China’s core issue is still the long-lasting problem of how to stimulate domestic demand, He said. “Stimulating domestic demand needs more information, not only a simple new payment or a new technology, it’s more like an economic question, not a technical problem.”
He believes that DCEP still has a long way to go to build a large enough information database to monitor the flow of capital the way that Alipay and WeChat Pay have up to now. In the short term, He believes DCEP will be more important in attracting investments rather than stimulating domestic demand.
DCEP is now in large-scale testing phase
Aside from intensifying media coverage and public conversations within China, DCEP’s inner workings also appear to be having breakthroughs.
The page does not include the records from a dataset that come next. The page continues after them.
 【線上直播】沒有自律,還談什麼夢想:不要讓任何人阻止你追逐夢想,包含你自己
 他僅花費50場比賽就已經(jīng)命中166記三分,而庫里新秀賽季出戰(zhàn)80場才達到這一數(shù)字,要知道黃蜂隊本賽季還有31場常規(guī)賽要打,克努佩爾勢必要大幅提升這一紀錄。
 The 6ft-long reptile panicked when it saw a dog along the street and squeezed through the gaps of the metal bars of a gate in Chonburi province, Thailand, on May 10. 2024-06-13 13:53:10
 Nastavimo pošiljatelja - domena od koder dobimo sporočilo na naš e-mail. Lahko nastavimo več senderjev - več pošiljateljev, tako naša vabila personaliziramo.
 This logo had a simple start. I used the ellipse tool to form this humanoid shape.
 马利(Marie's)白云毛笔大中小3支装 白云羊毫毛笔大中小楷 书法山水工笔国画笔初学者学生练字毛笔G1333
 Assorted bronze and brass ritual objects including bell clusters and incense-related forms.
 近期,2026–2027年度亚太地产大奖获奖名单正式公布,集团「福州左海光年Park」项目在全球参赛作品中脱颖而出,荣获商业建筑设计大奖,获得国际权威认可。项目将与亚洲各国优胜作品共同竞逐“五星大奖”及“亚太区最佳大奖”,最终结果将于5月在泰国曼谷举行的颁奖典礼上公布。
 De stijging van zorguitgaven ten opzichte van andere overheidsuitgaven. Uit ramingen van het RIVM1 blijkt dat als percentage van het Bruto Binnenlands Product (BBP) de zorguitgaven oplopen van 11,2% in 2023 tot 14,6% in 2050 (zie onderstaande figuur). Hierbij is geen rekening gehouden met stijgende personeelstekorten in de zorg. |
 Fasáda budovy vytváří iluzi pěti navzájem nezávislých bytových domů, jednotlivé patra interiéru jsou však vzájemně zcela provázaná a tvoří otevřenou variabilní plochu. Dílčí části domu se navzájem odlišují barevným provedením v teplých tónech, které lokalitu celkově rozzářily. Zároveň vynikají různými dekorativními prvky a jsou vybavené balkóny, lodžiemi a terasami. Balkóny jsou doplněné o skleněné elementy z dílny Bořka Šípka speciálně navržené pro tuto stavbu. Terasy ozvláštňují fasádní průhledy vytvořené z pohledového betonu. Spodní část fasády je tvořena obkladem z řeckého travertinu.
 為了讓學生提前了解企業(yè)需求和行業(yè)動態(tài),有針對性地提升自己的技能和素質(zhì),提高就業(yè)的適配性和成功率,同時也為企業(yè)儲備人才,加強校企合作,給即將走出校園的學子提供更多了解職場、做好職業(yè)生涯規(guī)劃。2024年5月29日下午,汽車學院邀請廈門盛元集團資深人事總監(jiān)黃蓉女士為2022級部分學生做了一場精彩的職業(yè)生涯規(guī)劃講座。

The “Digital RMB Wallets App” is now being tested in earnest at a number of large commercial banks in Shenzhen, including ICBC (Industrial and Commercial Bank of China), Agricultural Bank of China, Bank of China and China Commercial Bank, employees from several of the banks told Jingji21, a well-regarded financial media publication in China. Forkast.News also confirmed the same with sources familiar with this issue.
The functions of the DCEP app are similar to that of other digital wallets. The e-RMB wallets are connected with a user’s traditional bank account, and users are able to transfer RMB to digital RMB as well as deposit and withdraw money. Users can also conduct financial transactions through QR code and phone numbers directly, without having to use the internet.
In practice, there are currently limited offline use cases for DCEP and the e-RMB wallet. Unlike Alipay or WeChat Pay, which are accepted all over China, few offline shops or merchants are able to accept DCEP for the testing of digital RMB wallets.
However, this could change rapidly as the DCEP testing broadens and the digital currency enters into wider circulation. One recent shopper in Shenzhen told Forkast.News about being able to pay for a purchase at a small convenience store using DCEP by scanning a QR code.
According to another source who asked not to be identified, the PBOC still has some internal disagreements over the DCEP to resolve, and it is not clear how that would affect the digital currency’s rollout. Every employee on the PBOC’s DCEP project staff has signed a non-disclosure agreement and is forbidden to discuss the project’s inner workings. Local media has also pointed out that each DCEP app now displays a digital watermark identification code, to discourage information leaks.
In the meanwhile, more and more clues illustrate what DCEP’s real-world use cases might be in China’s economy, including ride-sharing, takeaway food and online content.
Didi Chuxing (Didi), the Chinese equivalent of Uber, recently announced that it had signed a strategic partnership with Digital Currency Research Institution, a unit of PBOC, to accelerate the adoption of DCEP.
Didi is China’s biggest ride-hailing mobile service operator, with 550 million users and over 31 million drivers. Didi’s app currently allows users to pay through credit cards or the two major digital payment platforms, Alipay and WeChat pay. It’s likely that Didi users in the near future will be able to pay their ride-share bills through a DCEP wallet.
Meituan, China’s food delivery giant and the parent company of bicycle-sharing company Mobike, have also been participating in discussions over how to get involved in the development and use of the DCEP, according to Caixin, a financial news publication in China. Another company having such talks is Bilibili, China’s YouTube-equivalent.
Despite the ebullient recent coverage of DCEP in Chinese local media, the official public words of PBOC — perhaps not too different from the uniformly buttoned-up central bankers elsewhere — remain reserved.
In a recent video conference, the PBOC said simply that the initial testing and trials of the DCEP in the first half of 2020 have gone smoothly.
Without specifying a date or timetable for an official launch, the PBOC said: “Research and development of e-RMB will be actively moving forward in the second half-year of 2020.”